Over the years, trade unions have followed the practice of resolving disputes in the workplace by engaging the traditional grievance procedure. The use of this procedure is designed as a means of addressing a grievance/complaint which an employee(s) has with the employer in the workplace. This may stem from the way an employee(s) has been treated or relate to the action(s) the employer is contemplating.
It is advisable that the grievance procedure is included in the collective bargaining agreement. The grievance procedure is meant to be a transparent process. Following on from transparency, there is the matter of ensuring the protection of the employee against any form of reprisal from the employer, the right to confidentiality in the hearing of the matter, and the right of appeal against the decision taken.
The bottom line is that the grievance procedure should allow for a clear and transparent framework which provides for and ensures that all employees are treated fairly and without prejudice. In exercising the grievance procedure, the intention should be always be that of ensuring that the grievance matter is heard in a timely manner.
It is the right of the complainant/employee to be accompanied by a colleague, friend, shop steward/trade union official, to any scheduled meeting at which the grievance matter is being heard. There is nothing wrong if the employee chooses to be represented by an attorney-at-law, as this remains part of the individual’s constitutional right. In the case of the latter, it would be a matter of courtesy for the employee to inform the employer of the intention to be represented by legal counsel. Although this is an option available to each individual, it is necessary to weigh the cost implications in the hiring of an attorney-at-law.
The grievance procedure is meant to be a non-legal intervention. It therefore is the responsibility of the employer to have the grievance procedure, as agreed upon with the trade union body, set out in the Employee Hand Book.
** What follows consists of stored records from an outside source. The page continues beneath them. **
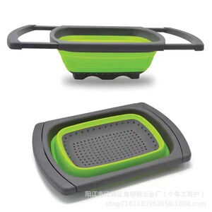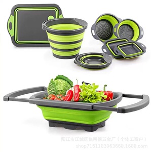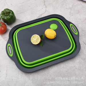 跨境热销多功能折叠沥水篮便携折叠餐板两用切菜洗菜沥水篮三合一
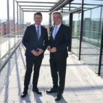 Der Bayerische Innenstaatssekretär Sandro Kirchner (links) informierte sich bei Landrat Otto Lederer (rechts) über eine erste Zwischenbilanz zum Chatbot MILA. Weitere Gesprächsthemen waren Herausforderungen und Fortschritte der Digitalisierung in der Behörde.
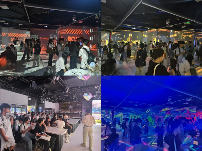 随后,学子们重点探访“Z-BOX 沉浸式互动消费新空间”,这一融合“技术支撑+消费转化+体验叙事”的创新场景,恰好与双学位培养目标高度契合。空间内,线上小程序与线下体感交互联动,游客通过积分玩法实现“游戏 -互动-消费”闭环,而背后依托的正是计算机专业的小程序开发、数据交互技术,以及旅游管理的消费心理分析、场景动线设计能力。
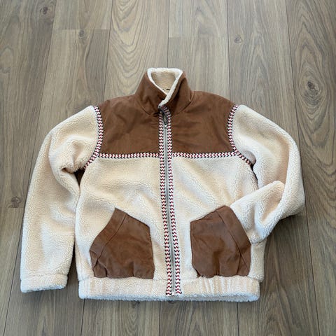Selger en H&M teddyjakke i str. S, veldig lite brukt. Jakken er ikke foret, så egner seg best til bruk om sensommer/tidlig vår.
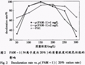 (1)將陽離子型PAM與PAC復合用于印染廢水的脫色處理,可達到接近100% 的處理效果。加人P(PAM)=1mg/L可將PAC的用量從150 mg/L減少至100 mg/L。

A copy of the Hand Book ought to be made available to each employee.
It is the responsibility of the employer to initiate the grievance procedure. In so doing, there are five steps in the procedure which are to be observed. The first step is ‘informal action’. This is where an attempt is made by the supervisor or manager to have the complaint addressed and resolved without having to move to the stage of a formal hearing.
One of the important steps in the exercise of the grievance procedure is that of completing an investigation. This ought not to be taken lightly by the employer. Where the employee is being represented by a trade union, the gathering of information is equally important to the defence to be made on behalf of the member/employee.
Should the matter require a formal hearing, the employer should undertake to invite the employee to a formal meeting, with the individual retaining the right to have a representative present and witnesses, if necessary. The employer should carry out an investigation into the matter, as the decision made on the matter should be based of factual evidence. There is a need for keeping an accurate record of the meeting, and also for the employer to communicate the decision of the meeting in writing, to the employee.
It is to be recognized that the employee reserves the right to appeal the decision taken at the meeting. The grounds for the appeal should be set out in writing. For the purpose of fairness, the appeal hearing should not be heard by the manager or his designate who conducted the initial hearing.
In the organization, it is best that grievance matters are handled by the human resources manager. This would allow the manager to be open to hear an appeal if lodged. Notwithstanding the fact that the employee has the right to appeal, this does not prevent both parties from agreeing in good faith, to attempt to resolve the conflict or disagreement through mediation.
What must be stressed, however, is the fact that the employee loses no time or pay, for time spent in attending a grievance hearing.